──────── RECORDS SUPPLIED ────────

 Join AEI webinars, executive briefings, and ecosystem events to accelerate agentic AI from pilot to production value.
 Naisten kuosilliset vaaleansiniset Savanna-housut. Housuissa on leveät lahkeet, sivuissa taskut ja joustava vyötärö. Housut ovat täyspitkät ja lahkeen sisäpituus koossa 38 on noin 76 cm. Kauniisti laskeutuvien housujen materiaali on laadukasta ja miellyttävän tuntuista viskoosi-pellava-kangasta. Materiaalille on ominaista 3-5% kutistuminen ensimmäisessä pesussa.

────────
──────── RECORDS SUPPLIED ────────

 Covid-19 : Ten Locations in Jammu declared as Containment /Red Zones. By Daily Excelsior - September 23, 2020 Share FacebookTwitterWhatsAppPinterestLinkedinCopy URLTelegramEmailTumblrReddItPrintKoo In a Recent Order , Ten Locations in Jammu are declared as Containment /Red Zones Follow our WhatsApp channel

────────

- TASK TO COMPLETE
Go back to the listing above. Copy word for word the lines from the one with "Join AEI webinars, executive" through the one with "Naisten kuosilliset vaaleansiniset", and nothing more.

- REPLY TO THE EXERCISE
 Join AEI webinars, executive briefings, and ecosystem events to accelerate agentic AI from pilot to production value.
 Naisten kuosilliset vaaleansiniset Savanna-housut. Housuissa on leveät lahkeet, sivuissa taskut ja joustava vyötärö. Housut ovat täyspitkät ja lahkeen sisäpituus koossa 38 on noin 76 cm. Kauniisti laskeutuvien housujen materiaali on laadukasta ja miellyttävän tuntuista viskoosi-pellava-kangasta. Materiaalille on ominaista 3-5% kutistuminen ensimmäisessä pesussa.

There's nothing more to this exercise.